NASA and Aerojet Fire Up Stennis With Full Duration SLS Engine Test Fire #3

The RS-25 engine fires up at the beginning of a 500-second test June 11 at NASA's Stennis Space Center near Bay St. Louis, Mississippi. Four RS-25 engines will power the core stage of NASA's new rocket, the Space Launch System. Credits: NASA/Stennis
The RS-25 engine fires up at the beginning of a 500-second test June 11 at NASA’s Stennis Space Center near Bay St. Louis, Mississippi. Four RS-25 engines will power the core stage of NASA’s new rocket, the Space Launch System. Credits: NASA/Stennis

NASA and Aerojet Rocketdyne fired up their RS-25 development engine for the second time in as many weeks today, sending a thunderous roar across Stennis Space Center as the engine successfully carried out its third test fire for NASA’s Space Launch System (SLS); the colossal 320-foot tall rocket which will launch astronauts to destinations farther from home than any human in history has ever been to serve NASA’s deep space ambitions over the coming decades.

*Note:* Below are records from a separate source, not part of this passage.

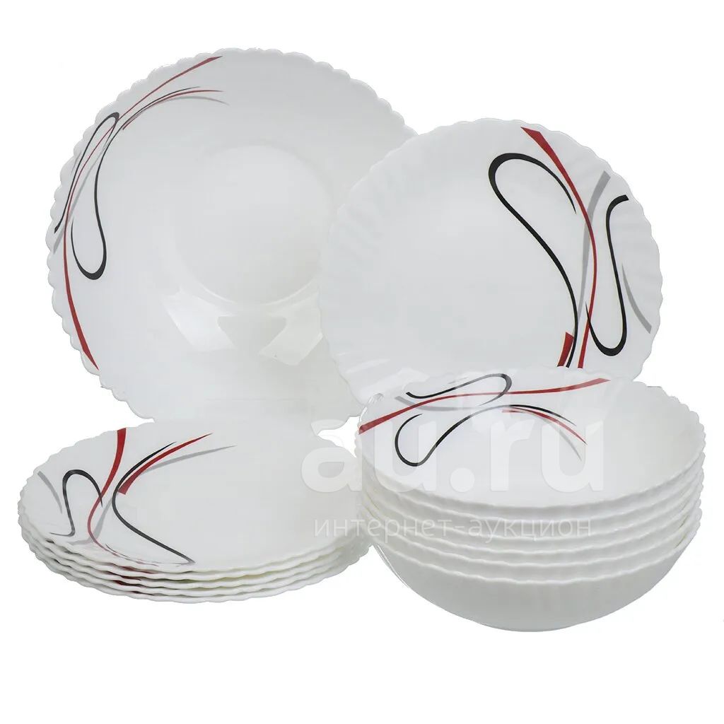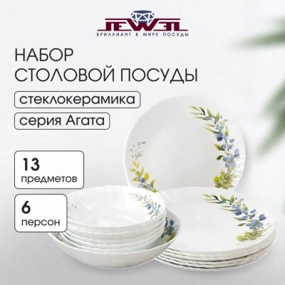 Сервиз столовый стеклокерамика, 13 предметов, на 6 персон, Геометрия, 15016-13т, круглый 1/4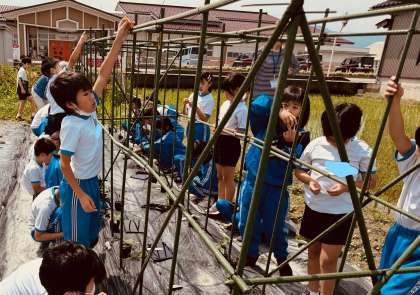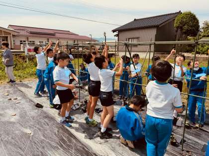 教室で育ててきたヘチマの苗を、畑に植え替えることにしました。1人1人の苗がどれだけ成長したかが分かるように、1人1本の支柱が用意されています。また、重さで支柱が倒れないように、十分に補強して棚が作ってあります。植え替えた苗に丁寧に水をかける子供たちの姿がたくさんありました。苗は、いったい何メートルまで伸びるのでしょうか?楽しみです。
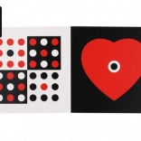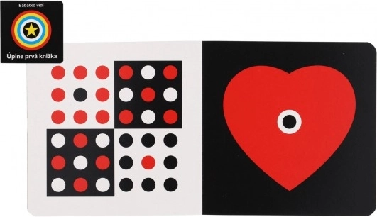 I neonati vedono solo a breve distanza e inizialmente distinguono solo il nero e il bianco. Questo libro è progettato per attirare la loro attenzione e promuovere il loro sviluppo. Contiene immagini ad alto contrasto e progressivamente introduce il rosso, giallo, blu e verde, il che aiuta a migliorare le loro capacità di distinguere i dettagli.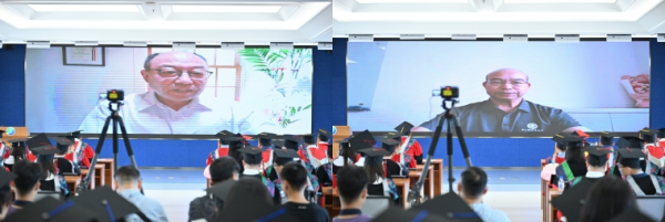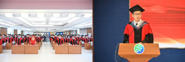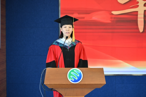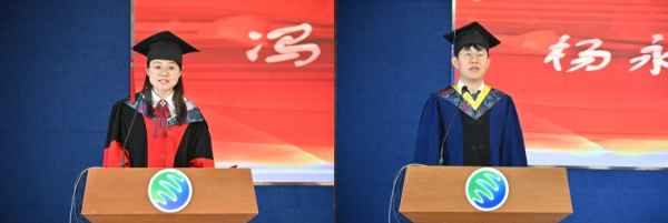 博士畢業(yè)生馮明銘、碩士畢業(yè)生楊永傳代表全體博士和碩士畢業(yè)生致畢業(yè)感言。兩位畢業(yè)生代表回顧學(xué)習(xí)生涯、分享科研感悟,感念師恩,并表達(dá)了對(duì)母校的不舍之情。經(jīng)過這段求學(xué)生涯的錘煉,他們在挫敗中成長,在堅(jiān)持中奮發(fā),他們自立自強(qiáng),奔赴夢想。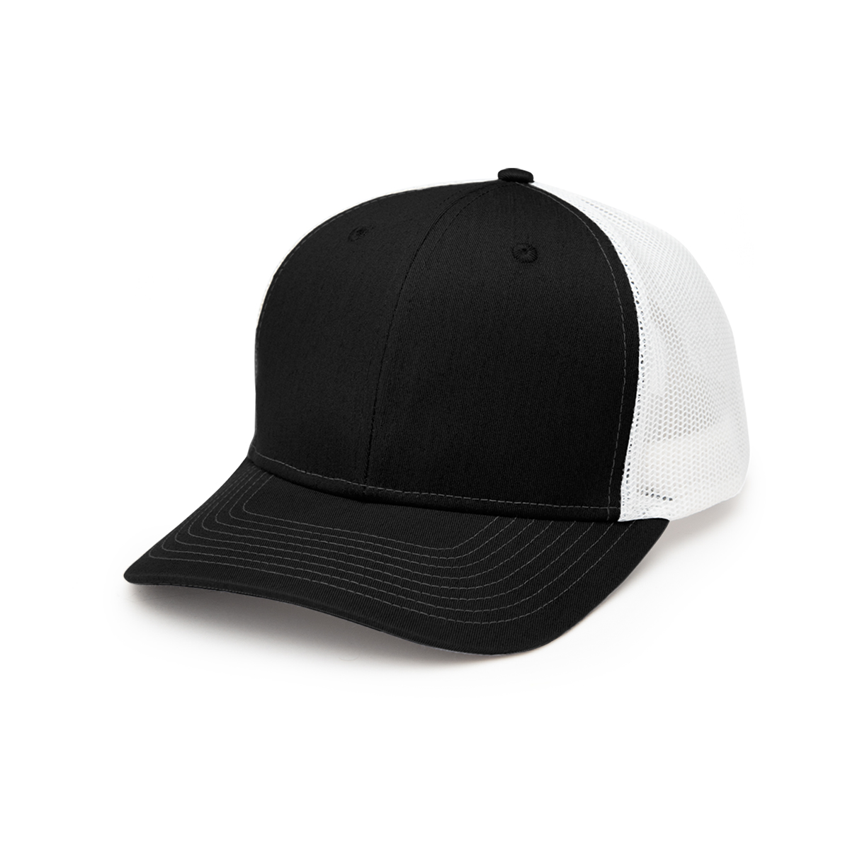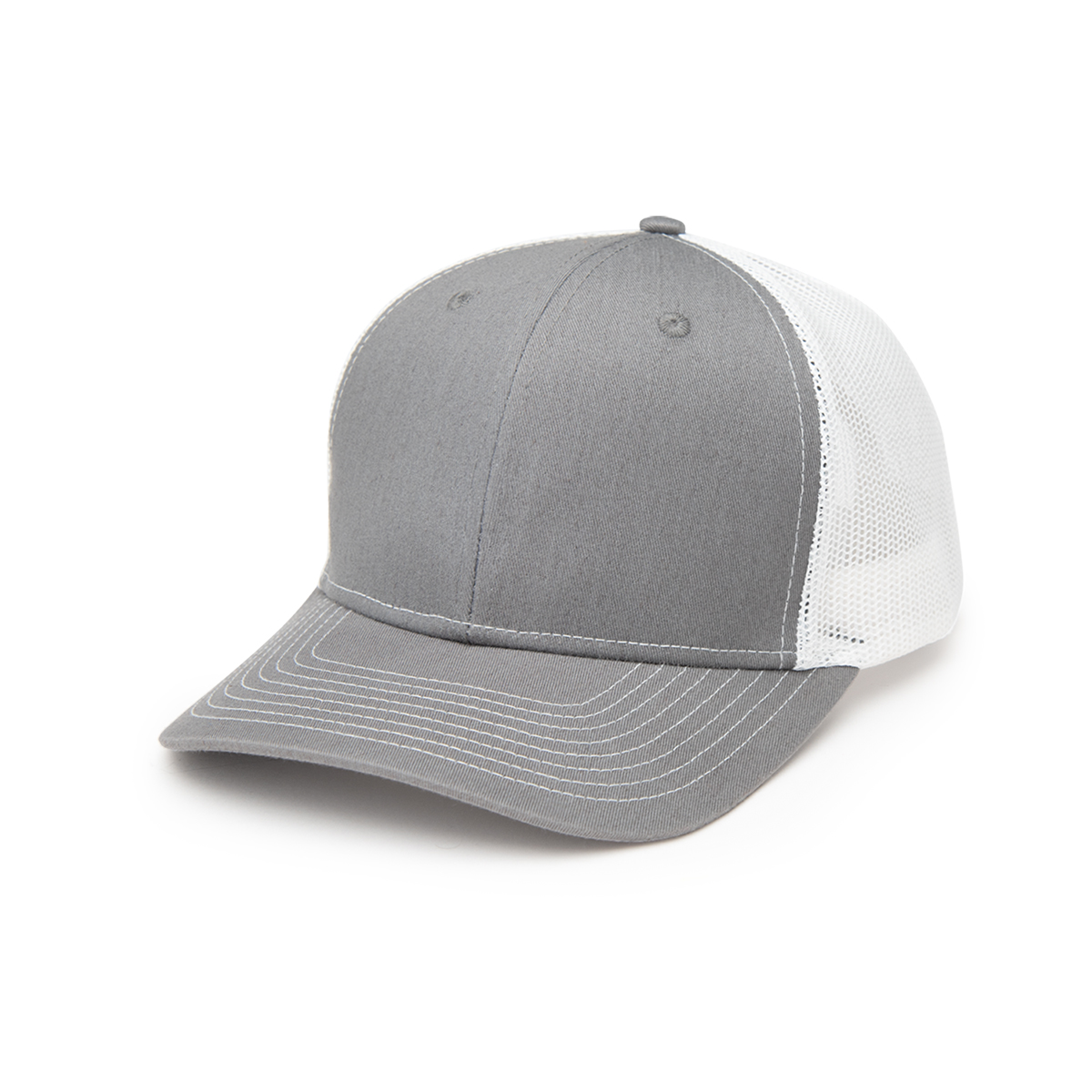 Classic Trucker Style | 60% Cotton/40% Polyester | 6 Panel, Medium Profile | Structured Crown & Pre-Curved Visor | Cotton Sweatband | Mesh Back With Adjustable Plastic Snap Tab Closure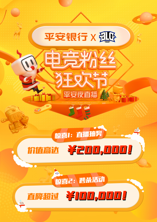 据了解,在电竞粉丝狂欢节平安夜直播上,BLG平安银行电子竞技俱乐部全新阵容将亮相,不仅有人气主播站台,也会现场组织“水友赛”,而作为冠名商的平安银行也将与年轻人“面对面”直接沟通。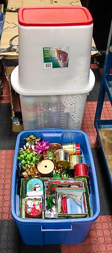 LOT OF CHRISTMAS GIFT BAGS, WRAPPING PAPER ETC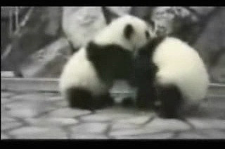 兩只大熊貓打得不依不饒,看上去它們沒有明確的攻擊部位,打斗中沒有一聲吼叫,沒有咬得頭破血流,讓人弄不清是假打還是真打。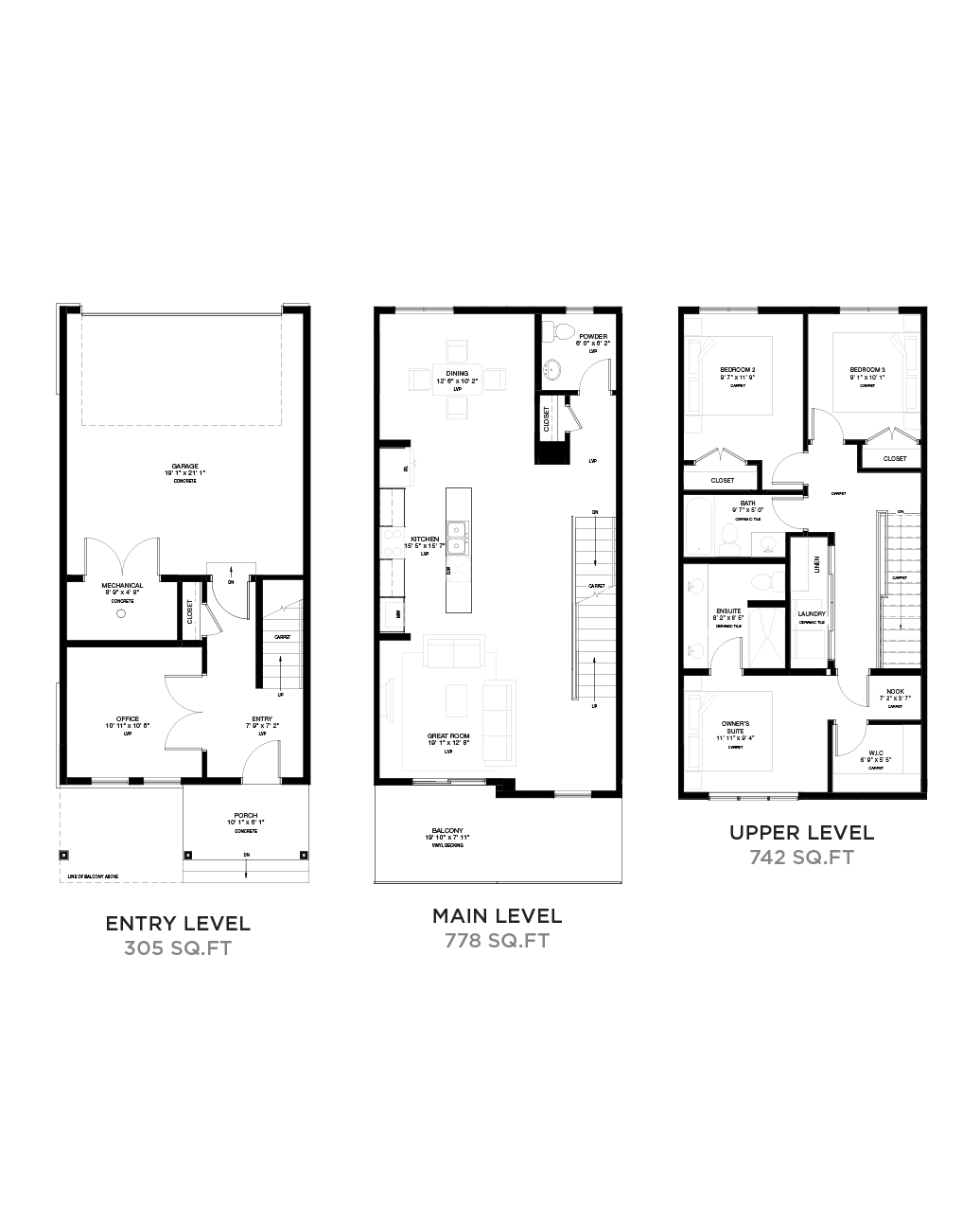 The Oakwood offers a versatile flex room right off the entry of this home, perfect for separating personal and professional life. On the main level, a large central kitchen supports the dining area and great room, with a large balcony for seamlessly transitioning outdoor and indoor entertainment. Upstairs, 2 bedrooms, including the owner’s suite featuring a 4-piece ensuite, walk-in closet, and nook, maintain privacy.What sets this Trico home apart: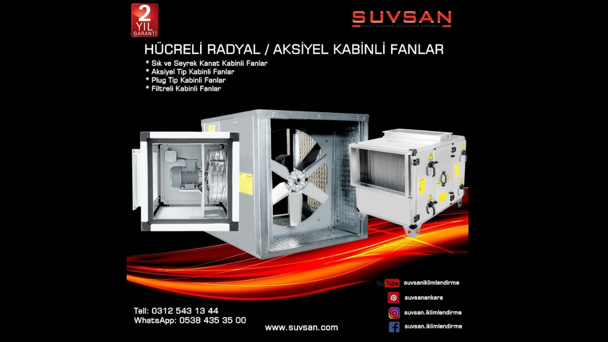 Yılların deneyimini modern teknolojiyle birleştiren Suvsan, iklimlendirme, havalandırma, fan sistemleri, ısıtma–soğutma ve otomasyon çözümleri alanlarında üretim yapıyor. Her proje, detaylı mühendislik hesaplarıyla hazırlanıyor; her ürün, kalite testlerinden geçerek kullanıcıya ulaşıyor.

“While we are using proven space shuttle hardware with these engines, SLS will have different performance requirements,” said Steve Wofford, manager of the SLS Liquid Engines Office at NASA’s Marshall Space Flight Center in Huntsville, Alabama. The Marshall Center manages the SLS Program for the agency. “That’s why we are testing them again. This is a whole new ballgame — we need way more power for these engines to be able to go farther than ever before when it comes to human exploration. And we believe the modifications we’ve made to these engines can do just that.”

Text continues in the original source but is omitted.